A “fuck you” to the man in charge.

“I wrote a note, just said “Sorry I had to take the money” with a big fuck off smiley face on it. You know? A two fingers to my bosses. Only, the judge decided that it showed remorse for what I had done. Remorse!”

He was laughing as he told us, and we laughed with him.

“When the  judge read out the sentence all I heard was 15. My arse fell out, I have to say. But what he actually said was 15 months. I couldn’t believe it! 15 months! I was out in 4 and a half!!”

Four and a half months for stealing and spending 28 thousand. What a result.

Speaking to Liam the other day, I have to admit I’ve tried to get down pat as much clear information as possible, to do the lad justice.

“So what are your plans these days lad?”

I asked him.

“Doing a foundation course for a year then Uni to do a degree, then a master’s. I want to help those people in unfortunate situations. I’ know how it feels to have no one care about you. What you need. The fact that you don’t actually matter. I want to work for the UN in war zones. Make a difference.”

And I have to say.
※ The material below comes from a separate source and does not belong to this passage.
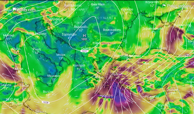 Οι άνεμοι θα πνέουν από βόρειες – βορειοδυτικές διευθύνσεις, με την ένταση στο κεντρικό και ανατολικό Αιγαίο να φτάνει τοπικά και τα 8 μποφόρ, ενώ στην υπόλοιπη χώρα δεν θα ξεπερνάει η ένταση τα 5 με 6 μποφόρ. Η θερμοκρασία θα κυμανθεί στα δυτικά από 1 έως 17 βαθμούς κελσίου, ωστόσο στο εσωτερικό της Ηπείρου δεν θα ξεπεράσει τους 10 με 11 βαθμούς. Στα βόρεια τμήματα θα κυμανθεί από -5 εως 11 βαθμούς κελσίου, στην ανατολική Ελλάδα από 1 έως 14 βαθμούς κελσίου, ενώ στα νησιά του Αιγαίου, την Κρήτη και τα Δωδεκάνησα, τοπικά θα φτάσει και τους 17 βαθμούς κελσίου.

Looking in his matter-of-fact eyes, I believe he will make an incredible difference if he gets the opportunity. See, Liam really knows what its like to sit at the bottom of the tree. To not matter to society. To be invisible.

But I had to ask him finally what happened to Butch, his side kick in Holland. And he filled in the final blank in the story.

“My mate – the lad who drove us over? He got away with community service as he wasn’t actually involved in the robbery. Hadn’t done the stealing of the money. Just helped me spend it.”

“Got off lightly really didn’t he Liam?”

“Well, not really. The thing was, he didn’t turn up for his community service  and was sent down instead.”

“That fucking idiot did more time than I did!”